Chu Yu bu
patlama karşısında afalladı. Boğazındaki yumru sözlerini keserken Xie
Xi'nin sırtını hafifçe okşadı.En son konuştuğundan beri uzun zaman olmuştu. Mırıldandı,
"Artık değil. Artık bunu yapmayacağım…”
İki öğrenci birbirine daha da sokuldu. Chu Yu, Xie Xi'nin
tanıdık kokusunu kokladı ve sakinleşmek için derin bir nefes aldı. Gözlerini
sildi ve başını kaldırdığında Xie Xi'nin hala dudaklarını ısırdığını ve acıyla
ağladığını gördü. Yüreğinin altında, mevcut durumlarında biraz mizah
buldu.
Bir yılı aşkın süredir birbirini görmeyen iki yetişkin adam,
karşılaştıklarında şimdi birbirlerine sarılıp ağlıyorlardı. Bu durum
neydi…..?
Xie Xi, Chu Yu onu bir süre şefkatle ikna ettikten sonra gözyaşı
dökmeyi bıraktı. Xie Xi'nin uzun kirpiklerinin köşesinde hala bir gözyaşı
damlası asılıydı. Chu Yu, onun için silmek için zorlukla elini kaldırdı. Tam
nerede olduklarını soracakken kapı çaldı.
Kapının arkasından tanıdık bir ses geldi. "Ahem...
Beyler, girebilir miyim?"
Xie Xi kaşlarını çattı. Hemen cevap vermedi ve Chu Yu'ya
yakından bakmak için başını eğdi. Chu Yu'nun teni beyazdı ve narin
görünüyordu. Artık vücudu sadece bir ölümlü olduğu için kırbaçlanmak
arkasında vahşi koyu kırmızı yaralar bırakmıştı. Vücudunun her yerini
çaprazladılar ve genel olarak, görülmesi korkunç bir manzaraydı. İlaç
uygulandıktan sonra yaralar iyileşmeye başlamış olsa da, baktıklarında yine de
insanın kalbini acıtıyordu.
Bir anlık sessizlikten sonra Xie Xi, içlerindeki acıyı gizlemek
için gözlerini kapadı. Chu Yu'yu ince bir yorganla örterken ve dikkatlice
köşelere sıkıştırırken elleri titriyordu. Ardından hafif bir ses tonuyla
"Artık girebilirsiniz" dedi.
Odanın dışındaki kişi sabırlıydı ve sadece Xie Xi'nin onayını
duyunca içeri girmek için kapıyı açtı. Chu Yu, sarkan muslin perdelerin
arasından bakmak için başını çevirdi ve belli belirsiz bir şekilde bir şey
taşıyan bir adamın şeklini gördü. Tam onun üzerinde kafa yorarken, perdeler
geri çekildi ve genç bir adam içeri girdi.

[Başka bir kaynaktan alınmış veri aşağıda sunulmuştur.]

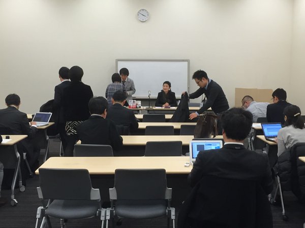 記者会見始まりました。左からBLAR森さん、岩下さん、のりこえねっと辛淑玉さん、

Adam saf ve ışıltılıydı, yeşim taşı kadar sıcak ve nazikti,
kaşlarını ve gözlerinin kenarlarını süsleyen hafif bir gülümseme izi vardı. Chu
Yu bir an afalladı, sonra şaşkınlıkla "Genç Efendi Fu?" diye sordu.
Gerçekten de Fu Chongyi'ydi.
Fu Chongyi hafifçe başını salladı. "Genç Efendi Chu,
uzun zaman oldu."
Fu Chongyi'nin söyleyecek çok şeyi varmış gibi görünüyordu ama o
sessizliğini korudu ve Chu Yu'nun yanına yürüdü. Parmağını Chu Yu'nun
kaşlarının arasını işaret etmek için uzattı ve mırıldandı, "Mühürlü bir
dantian... bu tür durumlar son derece nadirdir, ancak Genç Efendi Chu'nun
durumuna bakıldığında, dantian'ınız, dantianınızı korumak için bir tür güç
tarafından mühürlenmiş olmalı ve manevi nabız…”
Chu Yu o yeşil ışıktan gelen sesi hatırladı ve üzerine anlayış geldi. Yine
de Fu Chongyi'nin kaşlarını çattığını gördüğünde kendini tedirgin hissetmeden
edemedi.
İyileşmesinin bir yolu olmalıydı,değil mi?
Xie Xi yatıştırıcı bir şekilde yüzünü okşadı. "Her şey
yoluna girecek Shixiong, bir yolunu düşüneceğim."
Fu Chongyi kuru bir öksürük verdi. "Yoldaş Xie, benim
bir yolum var."
Chu Yu, orijinal romandaki en korkunç Ölümsüz Doktor Fu
Chongyi'nin onu iyileştiremeyeceğini düşündü, o zaman temelde imkansız olurdu.
Bu şanstı. Aksi takdirde, bu ölümlü bedenle yaşlanır ve yüz
yıldan daha kısa bir süre içinde ölür. Xie Xi, Chu Yu'nun gözlerinin
önünde yaşlılıktan ölmesini izlemeyi nasıl kabul edebilirdi?
Xie Xi'nin ciddiyetle ellerini saygıyla kavradığını ve Fu
Chongyi'ye derin bir şekilde eğildiğini gördüğünde bunu düşünüyordu. "Teşekkürler."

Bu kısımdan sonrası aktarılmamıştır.